A recent study by the Boston Consulting Group indicates Chinese consumers were prepared to pay a 30 percent higher premium price for iPhones despite their incomes being much lower than that of US consumers.
John Ross, visiting professor at Antai College of Economics and Management of Shanghai Jiao Tong University and a former policy adviser to ex-London mayor Ken Livingstone, said this does not accurately reflect the realities of the market since Apple only has a 7.5 percent share of the Chinese smartphone market.
"Even Samsung, which has been the market leader, is losing share. It is cheaper Chinese brand smartphones such as Lenovo, Coolpad and Huawei which are the big gainers," he said.
"This shows the extreme sensitivity of China's consumers to price," he said.

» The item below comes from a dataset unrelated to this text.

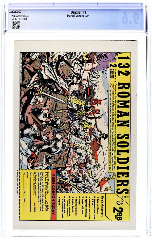 Starts Jan 26 Error version with pages 24 & 25 printed in black and white. Dazzler origin in "So Bright This Star." Script by Tom DeFalco, pencils by John Romite Jr., inks by Alfredo Alcala. Guest appearances by Spider-Man, the X-Men (Storm, Wolverine, Colossus, Nightcrawler, and Sprite), the Avengers (Hawkeye, the Beast, Iron Man, the Wasp, and Captain America), and the Enchantress. This issue was not sold on newsstands, but available only from direst-sale outlets. Bob Larkin painted cover. Cover price $0.50.

Ross said there are many difficulties in trying to assess whether people are middle class in China by the consumer choices they make.
"In the US or Europe, McDonald's or KFC, for example, would be considered very cheap and available even to those with very low incomes," he said.

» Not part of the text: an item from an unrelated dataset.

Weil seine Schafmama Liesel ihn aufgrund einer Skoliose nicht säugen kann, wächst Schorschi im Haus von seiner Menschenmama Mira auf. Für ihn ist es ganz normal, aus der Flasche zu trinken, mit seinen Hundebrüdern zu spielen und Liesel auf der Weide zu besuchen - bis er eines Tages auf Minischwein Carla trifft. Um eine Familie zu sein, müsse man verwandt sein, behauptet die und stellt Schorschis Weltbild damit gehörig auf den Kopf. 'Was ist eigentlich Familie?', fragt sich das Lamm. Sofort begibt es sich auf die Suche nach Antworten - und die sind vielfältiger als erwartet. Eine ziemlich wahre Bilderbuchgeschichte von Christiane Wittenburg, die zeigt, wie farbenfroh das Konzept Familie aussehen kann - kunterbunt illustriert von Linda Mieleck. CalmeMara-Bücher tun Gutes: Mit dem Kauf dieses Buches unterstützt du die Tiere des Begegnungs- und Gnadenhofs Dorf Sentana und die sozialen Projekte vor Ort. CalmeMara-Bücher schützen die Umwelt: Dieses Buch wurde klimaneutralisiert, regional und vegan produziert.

"In China these are relatively higher priced, not bottom of the price range, items. This is why, for example, a KFC restaurant in China has far more 'eat in' tables than a KFC in the US or Europe."
Martin Jacques, author of When China Rules the World: The Rise of the Middle Kingdom and the End of the Western World, believes attempts to define the middle class in China can be hopelessly vague.
"We have got to remember the middle class is a pretty nebulous category. What essentially is the middle class in China and the developing world? Is it really just the new urban classes who have got a bit of money they didn't have before. It is essentially an urban concept."